| 研究生: |
葉正濠 Ye, Jheng-Hao |
|---|---|
| 論文名稱: |
應用於安全雲端運算系統之硬體加速器積體電路架構與演算法設計 Development of Efficient VLSI Hardware Accelerators and Algorithm for Secure Cloud Computing |
| 指導教授: |
謝明得
Shieh, Ming-Der |
| 學位類別: |
博士 Doctor |
| 系所名稱: |
電機資訊學院 - 電機工程學系 Department of Electrical Engineering |
| 論文出版年: | 2018 |
| 畢業學年度: | 106 |
| 語文別: | 英文 |
| 論文頁數: | 148 |
| 中文關鍵詞: | 雲端運算 、全同態加密 、大整數乘法 、數論轉換 、公開金鑰密碼 、模數乘法 、互斥和表示式 |
| 外文關鍵詞: | Cloud computing, fully homomorphic encryption (FHE), large integer multiplication, number theoretic transform (NTT), public-key cryptography, modular multiplication, Exclusive-or Sum-of-Products expression |
| 相關次數: | 點閱:132 下載:5 |
| 分享至: |
| 查詢本校圖書館目錄 查詢臺灣博碩士論文知識加值系統 勘誤回報 |
資訊安全隨著雲端運算(cloud computing)的快速成長變得越來越重要,全同態加密(fully homomorphic encryption)可在第三方伺服器中直接對密文進行運算以確保原始資料的隱密性,因而受到越來越多的關注。如何有效克服利用同態函數進行密文運算時所包含的各式高複雜度運算需求,如大整數乘法和降低雜訊等運算,是目前相當熱門的研究主題之一,本論文針對此問題,從三個面向提出不同的解決方案。首先,為了降低在密文運算所需的重加密(recryption)次數,本論文藉由明文邏輯運算與密文同態函數的對應關係,提出一個基於新的優化條件之有效率積之互斥和(exclusive-or sum-of-products)邏輯最佳化演算法來減少明文進行積運算的最高輸入數,進而降低密文同態乘法運算的階層數。其次,為了加速全同態加密的運算和減少所需的運算資源,本論文提出三種低複雜度且快速的大整數乘法器硬體架構設計,包含:(1)於記憶體式(memory-based)數論轉換架構中,透過減少等效運算元數量來降低高基底(high radix)蝴蝶運算單元(butterfly unit)的面積;(2)採用管線化-記憶體式(pipelined shared-memory)數論轉換架構;(3)針對區塊式(block-based)整數乘法運算提出有效率減少區塊乘積(block product)個數之做法,其可支援於不同全同態加密應用中所需之不同運算位元長度。
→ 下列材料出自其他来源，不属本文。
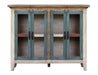 4 Glass Door 50" Console. The Antique collection is meticulously crafted from solid pine wood, featuring a captivating hand-distressed look in a multicolor finish. This collection serves as the perfect rustic addition to your home.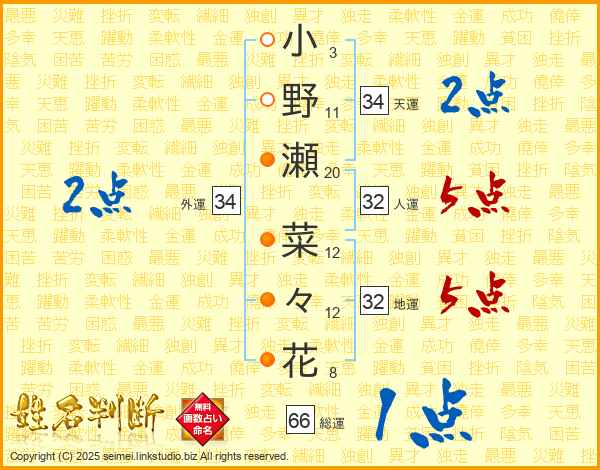 小(3画)野(11画)瀬(20画) 菜(12画)々(12画)花(8画)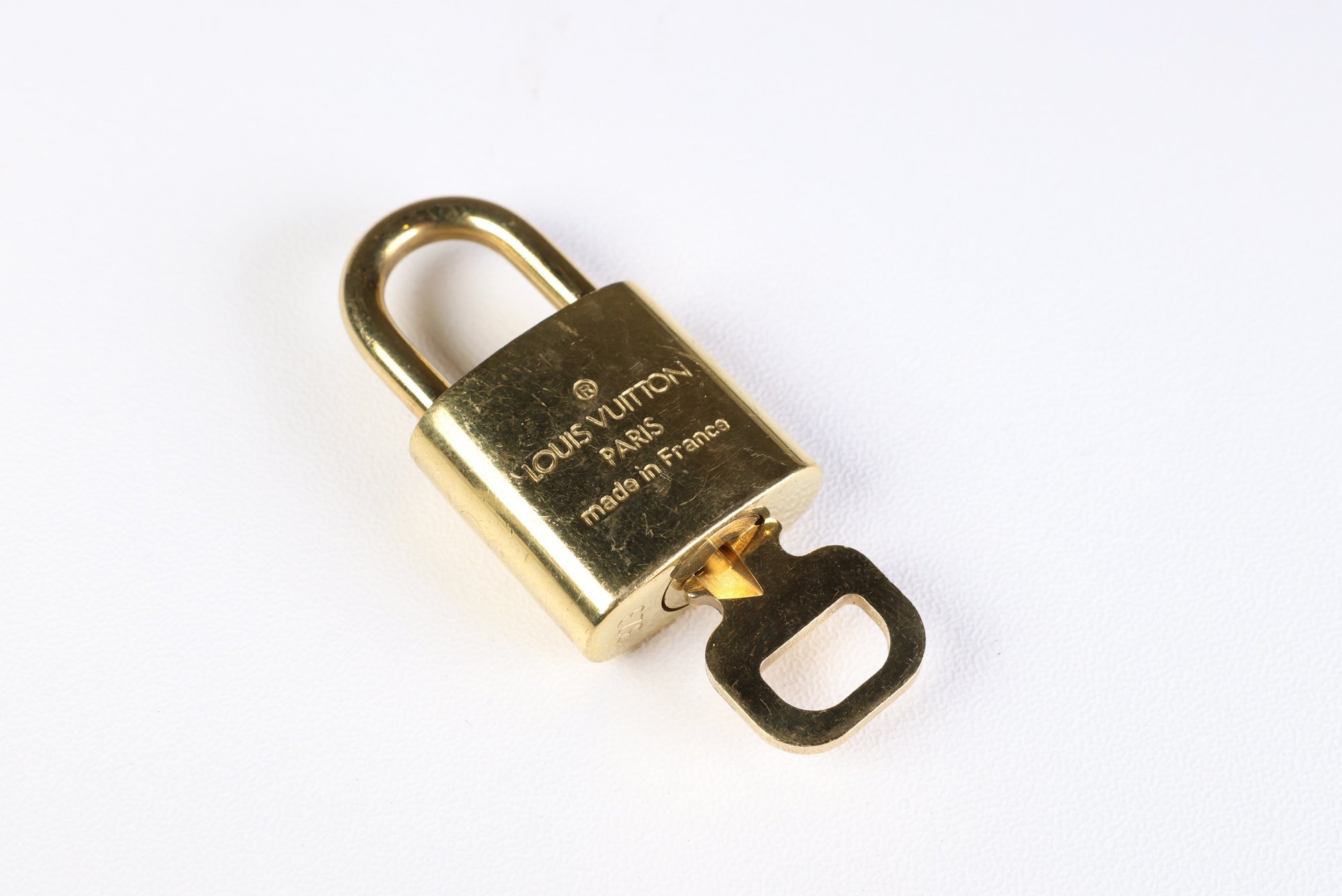 Louis Vuitton Pad Lock Lock & Key Brass Gold Key Number 323 Authentic

以上架構皆採用單埠且區塊合併(single-port merged-bank)記憶體結構來設計數論轉換(number theoretic transform)和反數論轉換以進一步減少所需的記憶體面積,並配合所提出之一致性記憶體定址方法,可同時用於數論轉換、反數論轉換與進位處理運算中,達到降低位址產生器總面積之效益。實驗結果顯示,相較於其它文獻的大整數乘法器實現方式,採用本論文所提出之機制在於三種不同架構上皆可大幅降低所需的面積。最後,為了確保雲端伺服器和使用者之間的資料傳輸安全性,公開金鑰密碼(public-key cryptography)在無線通訊系統和網路服務中亦扮演越來越重要的角色。為克服傳統基於字元運算之蒙哥馬利(Montgomery)模數乘法器之高功率消耗缺點,本論文提出可舒緩資料相依性之技術,並將資料相依圖(dependency graph)切割成多個區塊來處理不同運算元的計算,之後配合有效率的映射至硬體架構方式,於一個區塊迭代(iteration)中讓每個處理單元可重複使用當下的字元變數,進而減少核心(kernel)管線化暫存器的切換邏輯閘次數與外部記憶體存取次數。實驗結果顯示,相較於其它文獻結果,本論文所提出的可擴充性模數乘法器具有較低的能源耗損優勢。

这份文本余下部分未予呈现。